TLI factor scores for the placebo vs ketamine session. Factor scores on the y-axes are adjusted for the number of spoken words during the session (ie, TLI factor value/words). Error bars indicate SD.
Before scanning, all subjects performed two test trials with training pictures that were not used in the fMRI study. A similar experimental task and procedure has been used successfully in a series of previous fMRI studies of ours (see Kircher et al, 2000, 2001b, 2002b, 2004a, 2005).
S-Ketamine and Placebo Infusions
A within-subject, placebo-controlled, counterbalanced design was used. In the ketamine experiment, each subject intravenously (i.v.) first received a bolus of 8 mg S-ketamine from a 0.5 mg/ml solution of S-ketamine in 0.9% NaCl, or a pure saline bolus for the placebo session respectively. This initial bolus was followed by 5 min with no further S-ketamine/placebo supply. Then, the continuous subanesthetic i.v. infusion of 0.01 mg/kg/min S-ketamine (using a 0.25 mg/ml solution of S-ketamine in 0.9% NaCl) or pure 0.9% NaCl for the placebo session was administered using an infusion pump to maintain the initially induced psychopathological symptoms. The duration of the infusion lasted ∼1 h. All participants remained in the research facility under medical supervision for at least 2 h after the termination of the S-ketamine infusion.

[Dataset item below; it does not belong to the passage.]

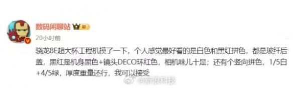 该博主透露,这款工程机提供白色和黑红拼色,都是玻纤后盖,黑红是机身黑色 + 镜头 DECO 环红色,“相机味儿十足”;还有个竖向拼色,1/5 白 + 4/5 绿,厚度重量还行。

Ketamine has hitherto been available as a racemic mixture of the two enantiomers (S) and (R) ketamine. The general pharmacological profile of (S)-ketamine is largely similar to the racemate. The analgesic and anesthetic potency of (S)-ketamine is ∼3–5 times higher than that of the (R)-form and twice as high as that of the racemate. To achieve similar effects, a reduction of half the dose is possible with (S)-ketamine compared with the racemate. Moreover, (S)-ketamine is eliminated more quickly and is therefore more controllable overall. The pure S-enantiomer of ketamine displays, at subanesthetic doses, a 4±5 times higher affinity for the NMDA receptor than R-ketamine. Based on the literature, personal exchange with Franz Vollenweider, Zurich (Vollenweider, 1998; Vollenweider and Geyer, 2001; Vollenweider and Kometer, 2010; Vollenweider et al, 1997a, 1997b; Vollenweider et al, 2000), and own pilot experiments before our scanning study, we used S-ketamine in a dose of 0.01 mg/kg/min i.v. that corresponds to 0.016 mg/kg/min i.v. R-/S-ketamine in terms of eliciting similar psychosis like symptoms (Vollenweider et al, 1997a). The aim was to elicit psychopathological effects, but not sedating people. Moreover, side effects such as nausea and dizziness were not reported at this dosing used in previous works (Nagels et al, 2011, 2012). A dose of 0.01 mg/kg/min i.v. (R)-ketamine does not elicit psychotic symptoms (Vollenweider et al, 1997a). As we were primarily interested in the effects of acute NMDAR blockade in inducing schizophrenia-like symptoms at the speech level and associated brain activation patterns, S-ketamine administration in the above dosing appeared to be most reasonable.
Speech Recordings
Subjects were instructed to speak loud and clearly and to start talking as soon as the stimulus picture appeared. The cable from the microphone as well as the cable from the MR trigger box was plugged into an audio splitter, from which one cable led to the intercom and one to the line-in port of an external sound card attached to a Siemens notebook used for digital recording. All verbal responses were filtered offline (Adobe Audition 3, Adobe Systems Software Ireland, http://www.adobe.com/) and transcribed. Literal transcripts of these responses were used for quantitative analyses of the participants’ overt responses, yielding information about what was said and how many words were produced. For the fMRI data analysis, the seven 180 s speech production blocks were broken down into 20 s epochs, resulting in a total number of sixty-three 20 s blocks for each subject. For each of the 20 s epochs the number of spoken words was determined and used for the parametric modulation analyses (similar to Kircher et al, 2000).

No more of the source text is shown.